TABLE 1

Chronology of main events relating to development of methods for constructing and cloning recombinant DNAs

YearaEvent
1969–1970P. Berg (1970) and Lobban (1969) independently conceive ideas for generating recombinant DNAs in vitro and using them for cloning, propagating, and expressing genes across species.
1971D. Berg et al. (1974) isolate the first plasmid bacterial cloning vector, λdvgal 120.
1971Concern regarding potential biohazards of cloning first raised by Robert Pollack.

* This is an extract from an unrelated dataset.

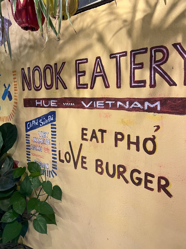 As it’s Saturday we decided to hit central Hue and check out the restaurant and cafes. We’d been recommended a place called Nook, which was located off a side street and as we walked down a dark alley we were having second thoughts. However it proved to be an excellent spot, frequented by many Europeans and did great veggie dishes.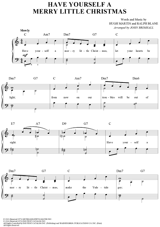 Digital Sheet Music for Have Yourself a Merry Little Christmas by Hugh Martin, Ralph Blane, John Brimhall scored for Easy Piano/Vocal; id:317678

1971–1972Jackson et al. (1972) and Lobban and Kaiser (Lobban 1972; Lobban and Kaiser 1973) concurrently and collaboratively develop the terminal transferase tailing method for joining together DNAs in vitro.
1972Jackson et al. (1972) create first chimeric DNA in vitro.
1972Mertz and Davis (1972) discover that cleavage with EcoRI generates cohesive ends. They use EcoRI plus DNA ligase to generate SV40-λdvgal 120 chimeric DNAs in vitro.
1972–1973Cohen et al. (1972) isolate the drug-selectable bacterial cloning vector, pSC101. They use it to construct, clone, and express bacterial intra- (1973) and interspecies (1974) recombinant DNAs.
1973Morrow et al. (1974) clone and propagate ribosomal DNA genes from a eukaryote in E. coli.
1973–1976Renewed concerns regarding potential biohazards of cloning recombinant DNAs (Singer and Söll 1973; P. Berg et al. 1974, 1975) lead to NIH Guidelines.
1974–1975Filing of initial Stanford University/University of California, San Francisco (UCSF) (Cohen/Boyer) patent applications relating to recombinant DNA.
1976Boyer and Robert Swanson cofound Genentech, the first biotechnology company.
1980Stanford/UCSF (Cohen/Boyer) patent issued by U. S. Patent Office.
  • a Year(s) in which event occurred.